## Dataset entries
┏━━
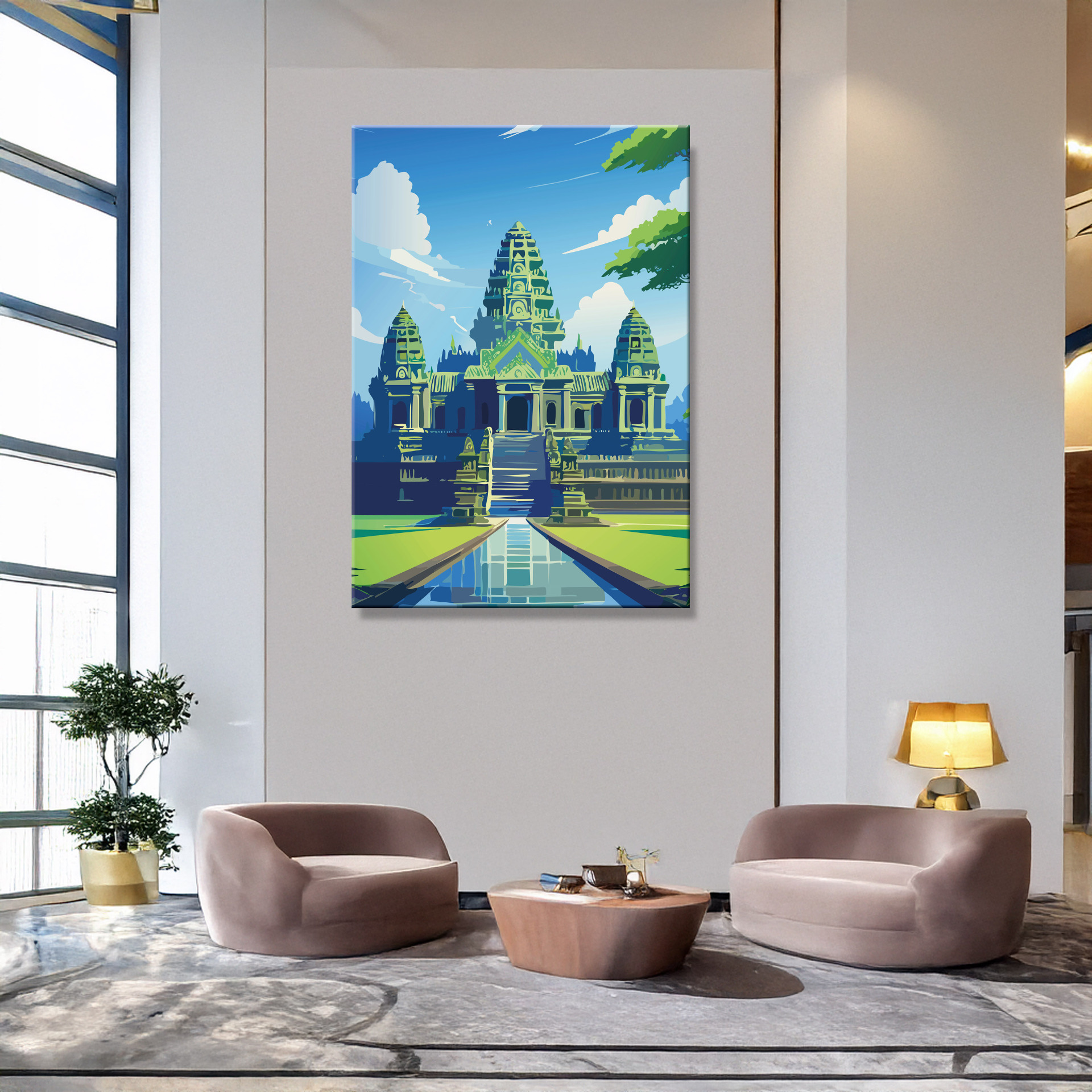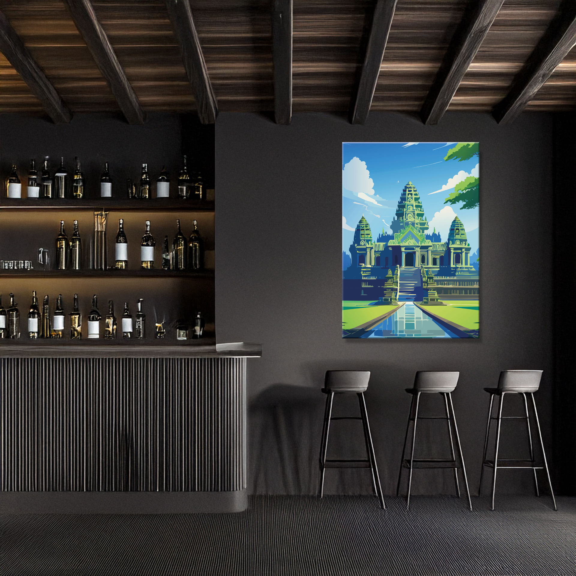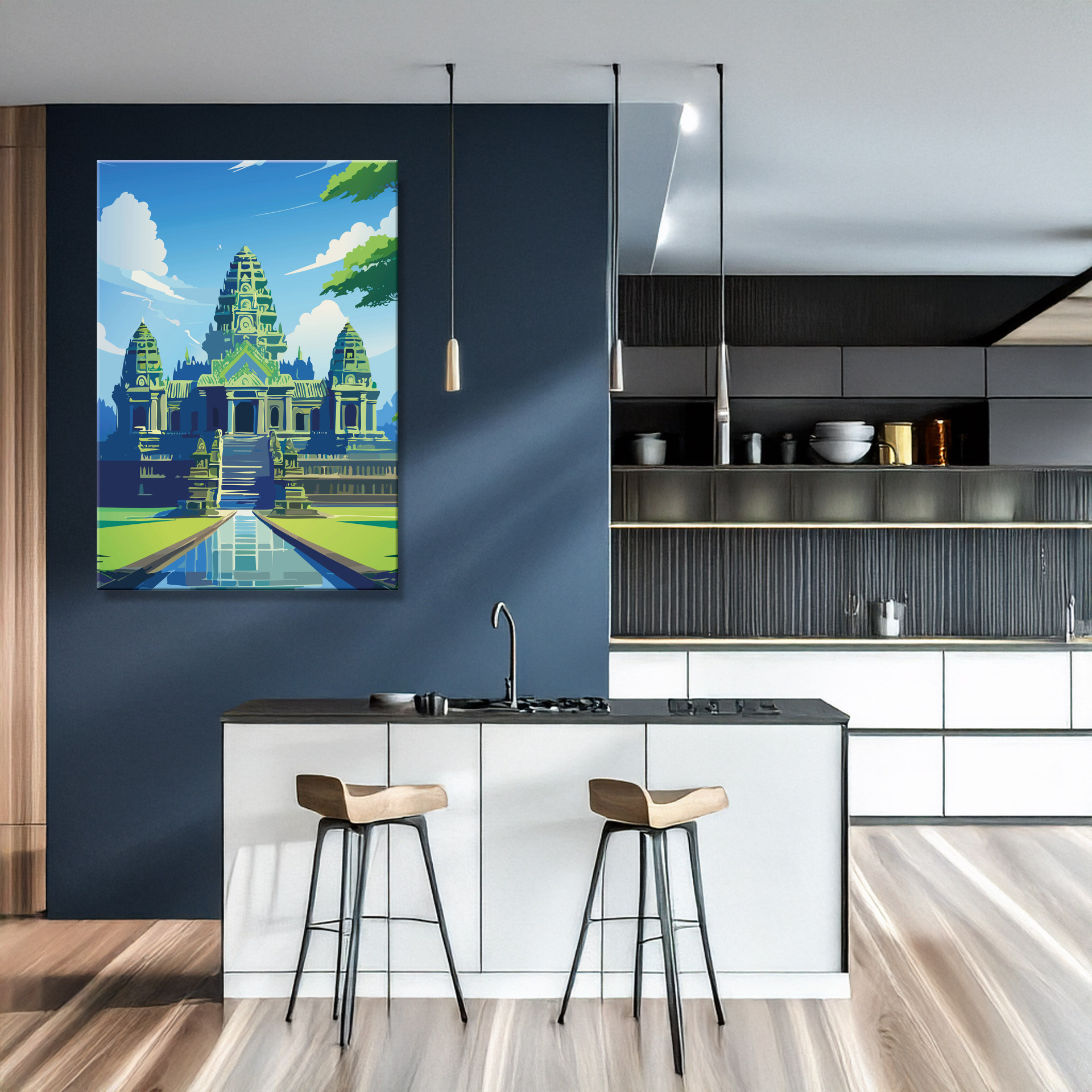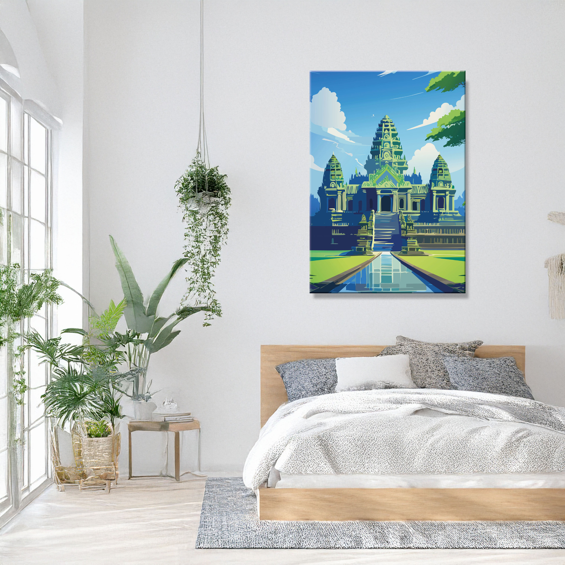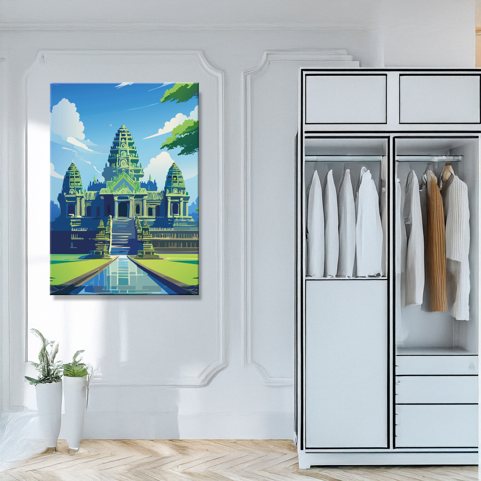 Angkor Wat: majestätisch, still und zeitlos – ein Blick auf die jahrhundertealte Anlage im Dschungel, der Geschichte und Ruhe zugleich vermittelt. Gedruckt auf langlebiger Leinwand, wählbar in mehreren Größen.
┗━━
┏━━
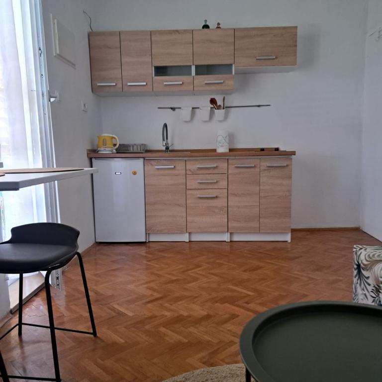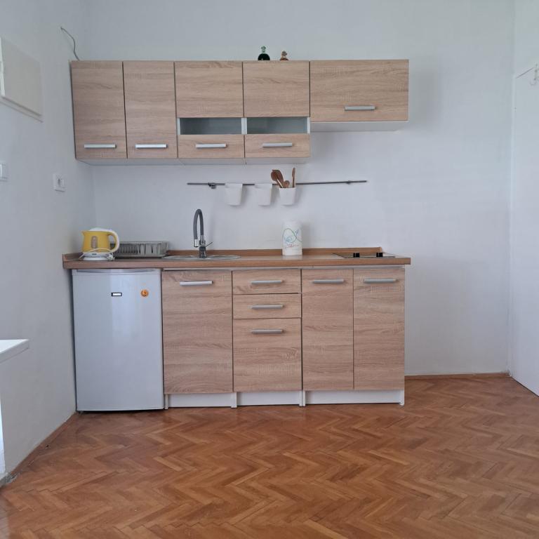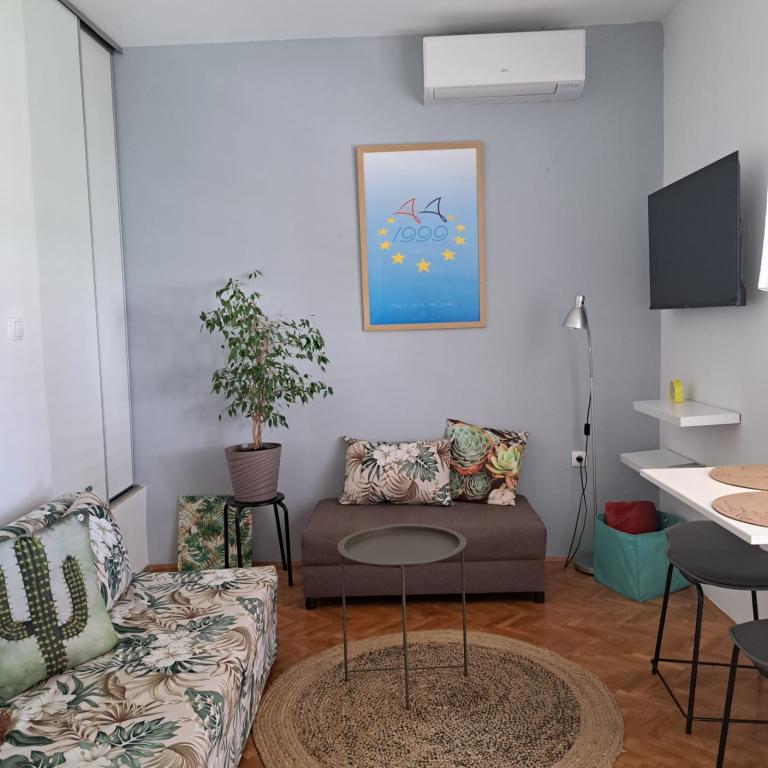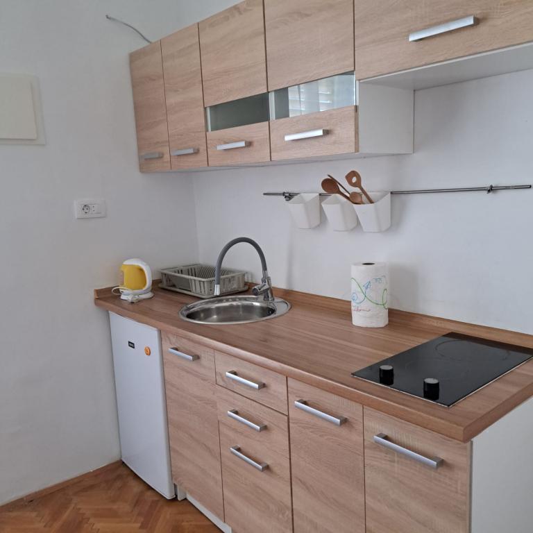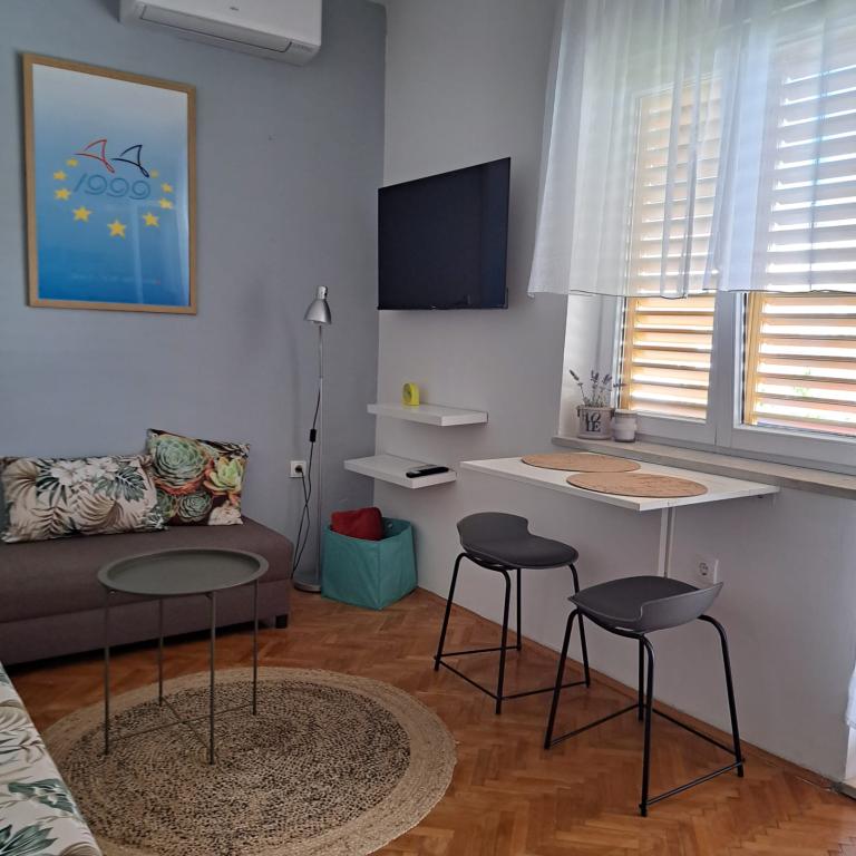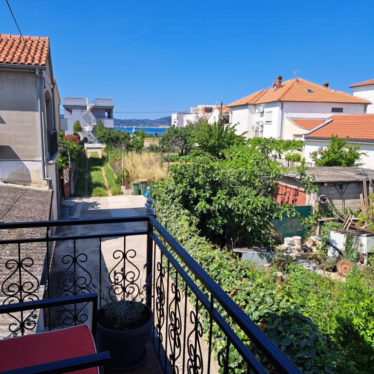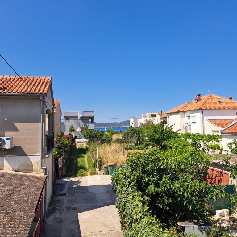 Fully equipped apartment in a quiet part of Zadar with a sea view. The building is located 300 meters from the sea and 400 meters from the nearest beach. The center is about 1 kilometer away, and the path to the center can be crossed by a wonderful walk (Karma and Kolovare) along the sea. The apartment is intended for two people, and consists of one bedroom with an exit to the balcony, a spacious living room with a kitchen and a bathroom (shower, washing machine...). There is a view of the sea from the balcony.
┗━━
┏━━
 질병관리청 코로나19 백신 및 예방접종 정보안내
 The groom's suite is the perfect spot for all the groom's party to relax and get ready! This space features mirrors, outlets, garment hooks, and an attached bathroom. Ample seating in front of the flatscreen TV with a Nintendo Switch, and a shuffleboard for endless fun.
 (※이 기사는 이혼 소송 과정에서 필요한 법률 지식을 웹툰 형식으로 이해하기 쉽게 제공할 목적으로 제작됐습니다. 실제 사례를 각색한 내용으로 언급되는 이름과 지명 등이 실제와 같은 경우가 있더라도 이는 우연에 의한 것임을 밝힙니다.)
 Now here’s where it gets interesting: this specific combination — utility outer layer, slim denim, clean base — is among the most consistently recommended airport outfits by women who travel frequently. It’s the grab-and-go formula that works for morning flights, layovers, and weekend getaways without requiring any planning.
┗━━
## Problem requirements
Copy out each line of the data above, exactly, if it lies between the line holding "The groom's suite" and the line holding "(※이 기사는 이혼 소송", inclusive; copy no other line.

## Exercise solution
 The groom's suite is the perfect spot for all the groom's party to relax and get ready! This space features mirrors, outlets, garment hooks, and an attached bathroom. Ample seating in front of the flatscreen TV with a Nintendo Switch, and a shuffleboard for endless fun.
 (※이 기사는 이혼 소송 과정에서 필요한 법률 지식을 웹툰 형식으로 이해하기 쉽게 제공할 목적으로 제작됐습니다. 실제 사례를 각색한 내용으로 언급되는 이름과 지명 등이 실제와 같은 경우가 있더라도 이는 우연에 의한 것임을 밝힙니다.)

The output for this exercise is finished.